Unimaginable

“There are moments that the words don’t reach. There’s a grace that’s too powerful to name. We push away what we can never understand. We push away the unimaginable…”

Lin-Manuel Miranda wrote those very words into a song called “It’s Quiet Uptown” as part of the Hamilton musical that is technically poised at a part of the musical after Alexander and Eliza lose a child. That was their “unimaginable.”

Many of us across the United States right now have started to live our own “unimaginable.”

We saw a woman, one who has inspired scores upon scores of women for decades (and decades to come) lose, but lose with a grace no one could ever understand, with a Bible verse that I have latched onto. (It’s Galatians 6:9 for those who might have missed it.)

We have seen someone who we scoffed at, who we abhorred, who we denied, suddenly rise into power. We have seen this filthy man bring out the absolute worst in the people we thought knew and loved us. We have seen sexism, racism, xenophobia, homophobia, every kind of prejudice and hatred you could possibly conceive of run rampant across our country.

Our new reality, the one we have been shoved into (and absolutely not of our own volition) was unimaginable. It’s a nightmare. I keep expecting myself to wake up in a cold sweat and have it be days before Election Day all over again. I reel each and every night, waiting to awaken violently, hoping this has all been a vicious, vivid nightmare. But, I haven’t. My computer still says it’s November 13th. Not November 7th.

It happened. It was our unimaginable, and now it’s our unfortunate, inconceivable reality.

My fiancee and I are now scrambling to get our wedding legally done so that we can at least have it for a small amount of time. It was the right decision for us, and for many other LGBT+ couples I know. Others are still deciding. There is still a little time.

Many women I know are shuffling to get their birth control covered and protected by their insurance–going to get IUDs (intra-uterine devices, a long-term form of birth control for those who may be unaware) before their health insurance starts saying “HA, YOU’RE A WOMAN AND THAT’S WHY YOU CAN’T HAVE NICE THINGS” thanks to the almost certain destruction and doom of the Affordable Care Act, as promised by the president-elect.

All of these horrible things and more that are unfathomable and sure to lead to “suffering too terrible to name” are all happening.

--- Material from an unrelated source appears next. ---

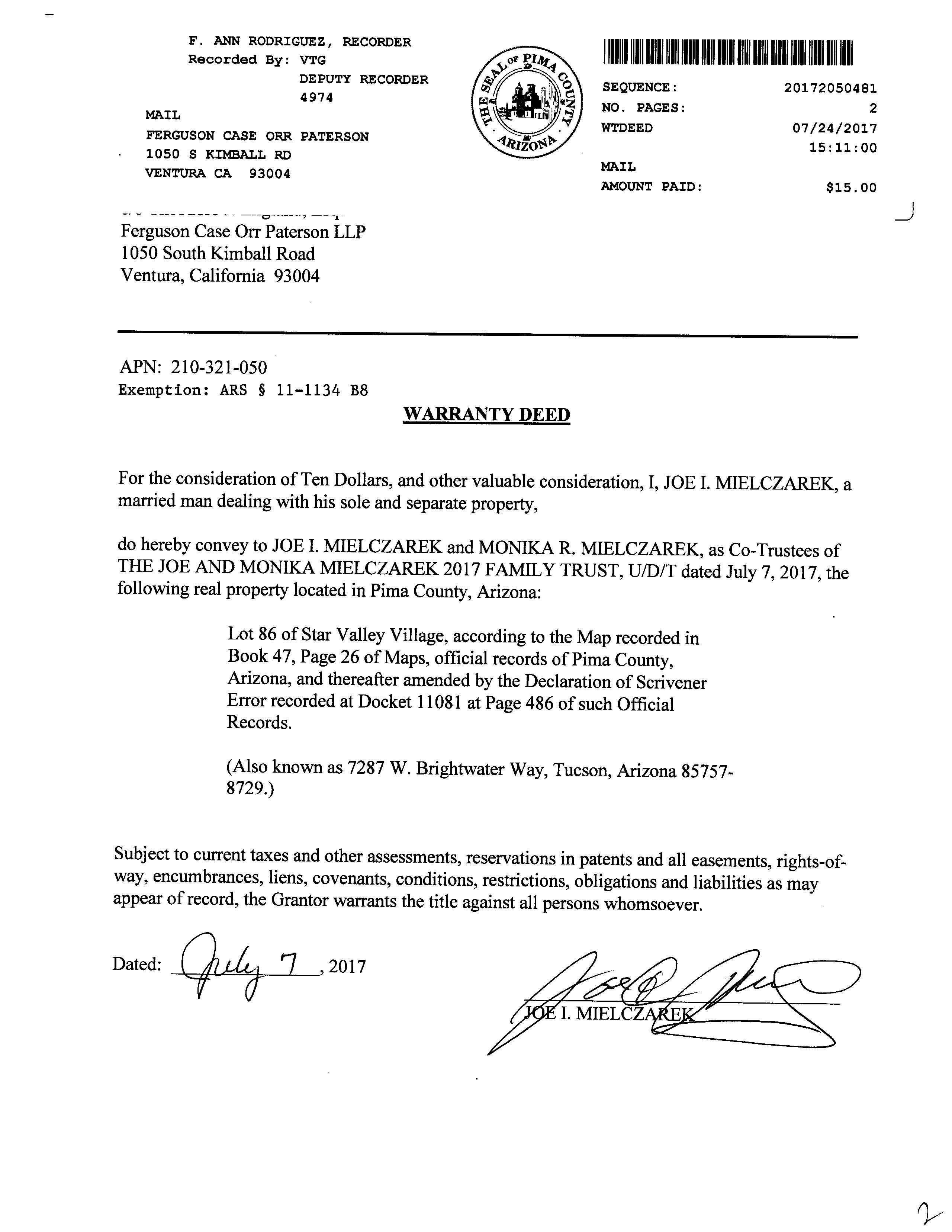 Subject Property : 7287 W Brightwater Way Tucson AZ 85757 Owner Information Owner Name : Mielczarek 2017 Family Tr Mailing Address : 7910 Liveoak Ave, Santa Paula CA 93060-9731 R001 Vesting Codes : / / Trust Owner OccupiedIndicator : A Location Information Legal Description : Star Valley Village Lot 86 County : Pima, Az APN : 210-32-1050 Census Tract / Block : 43.39 / 3 Subdivision : Star Valley Village Township-Range- Sect : 15S-12E-16 Map Reference : 16-15S-12E Legal Book/Page : 47-26 School District : Tucson Unified Legal Lot : 86 Munic/Township : Tucson Unified Market Area : 311 Owner Transfer Information Recording/Sale Date : 07/24/2017 / 07/07/2017 Deed Type : Warranty Deed Document # : 2050481 Last Market Sale Information Recording/Sale Date : 06/14/2002 / 06/00/2002 1st Mtg Int. Rate/Type : / Fixed Rate Loan Sale Price : $141,990 1st Mtg Document # : 11821-2894 Document # : 11821-2893 1st Mtg Term : 30 Deed Type : Warranty Deed Price Per SqFt : $81.70 1st Mtg Amount/Type : $100,000 / Cnv Title Company : Fidelity National Title Lender : Universal American Mtg Co Seller Name : U S Home Corporation Prior Sale Information Prior Rec/Sale Date : 01/02/2001 / 12/00/2000 Prior Doc Number : 11456-860 Prior Sale Price : $179,200 Prior Deed Type : Joint Tenancy Deed Customer Name : Lisa Mrazek Customer Company Name : First American Title Insurance Company Prepared On : 08/16/2022 © 2022 CoreLogic. All rights reserved

I can’t shake myself awake. I keep texting my friends, asking if they’re okay, asking if we’ve woken up yet, trying to find some solace somewhere.

I’ve gone to church three times this week. Once on Election Day, once the day after, and for Sunday service. I have spent so much time in an attitude of prayer, praying for my own salvation, for the grace of God to be with me–hold me together, keep me alive, keep me from exploding into a fit of rage. God, be with my family as we all struggle. My friends, my family, my LGBT+ brothers and sisters, the immigrants, the people of color, the Muslims, the powerful women I know. All of us. Send us your grace. Hold your children as tight as you can and help us push away this unimaginable. We are grateful.

I keep praying for the ability to wake up. The ability to survive. The ability for this unimaginable to stay just that: unimaginable. Unbelievable. Unfathomable.

I keep the faith. I keep the praise that I am still surviving, that I am still breathing, that I have someone who loves me. But sometimes I know her love doesn’t keep me safe enough. God’s love may do that. Mostly.

But right now, as this unimaginable happens, as it creeps into our lives, we ache, we hurt. My eyes have been puffy and sore and I don’t think I’ve gone a single day without breaking into sobs once.

I have heard time and time again over the last few days that “everything will be okay.” I have heard time and time again that “you will be fine.” I have been told to “get over it.” I cannot.

This is my unimaginable. This is the last thing I wanted for my friends, for my family, for my country. I see the ache and the pain and all the attempts to make all of this hatred normal and I become sick to my stomach and I remain sick in my soul. It’s unimaginable.

As this terrible series of circumstances becomes our reality, it will never become “normal.” I can’t let it become normal because that would mean that I will do the same thing that I have shouted, cried, and railed against: condoning the actions of one man that has spoken against everything I know, love, and believe in. And that is unimaginable.

But, we all shall press on. Because giving up, that is what is truly unimaginable.